| Information supplied |

-- Opening Marker --

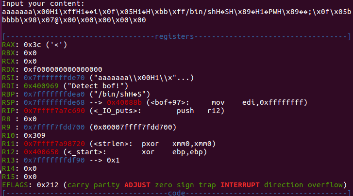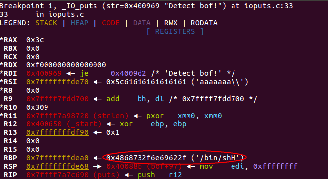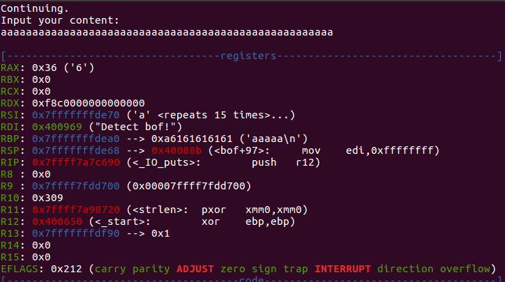 此时 RDI 指向 "Detect bof!",RIP 指向
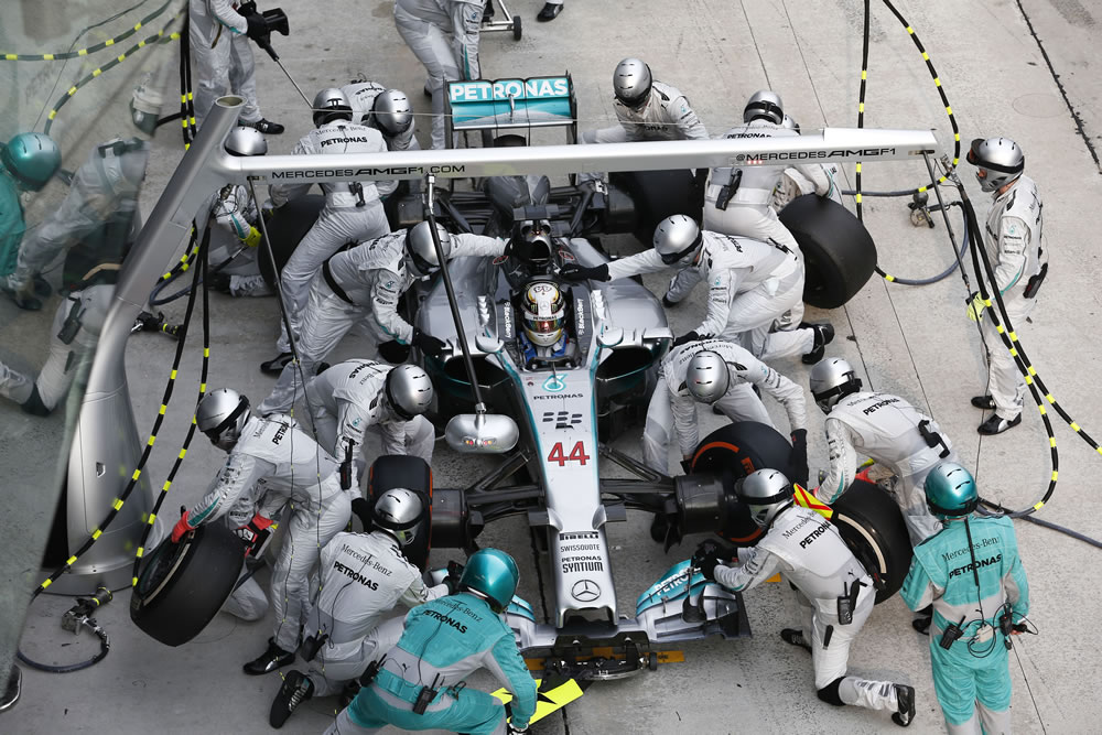 - Lewis stopped on laps 15 and 33 for medium tyres, switching to the hard compound at his final stop on lap 51
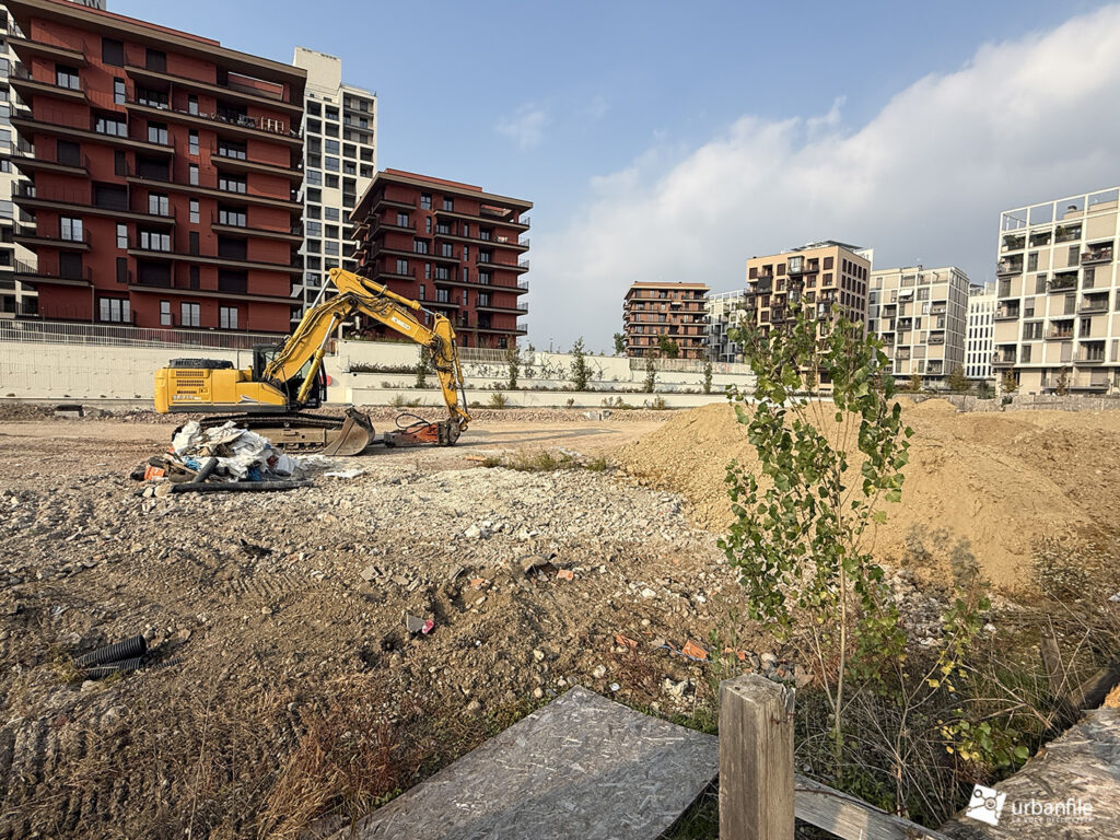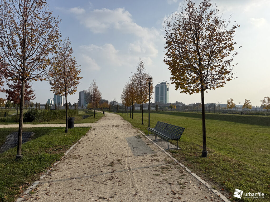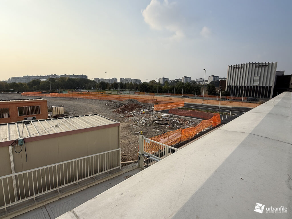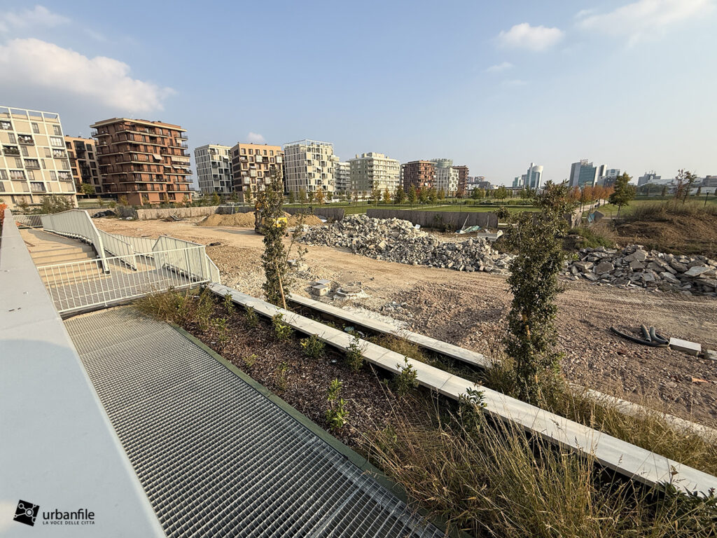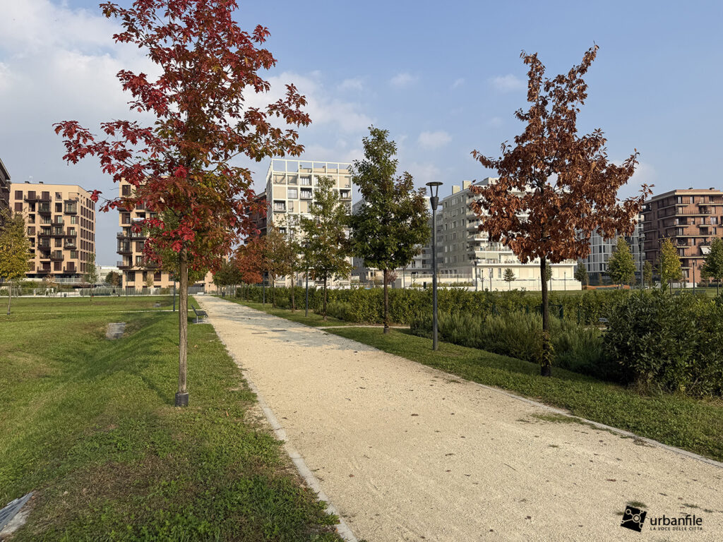 Ottobre 2025. Mentre la porzione di parco aperto ai cittadini si tinge di colori caldi autunnali, il cantiere per il completamento del nuovo parco prosegue e inizia a delinearsi anche verso via Calchi Taeggi. Siamo nel nuovo quaritere di SeiMilano a Sella Nuova (m1 Bisceglie).

-- Closing Marker --

| What you will do |
Give the data again exactly, image-free.

| Reply to the task |
 此时 RDI 指向 "Detect bof!",RIP 指向
 - Lewis stopped on laps 15 and 33 for medium tyres, switching to the hard compound at his final stop on lap 51
 Ottobre 2025. Mentre la porzione di parco aperto ai cittadini si tinge di colori caldi autunnali, il cantiere per il completamento del nuovo parco prosegue e inizia a delinearsi anche verso via Calchi Taeggi. Siamo nel nuovo quaritere di SeiMilano a Sella Nuova (m1 Bisceglie).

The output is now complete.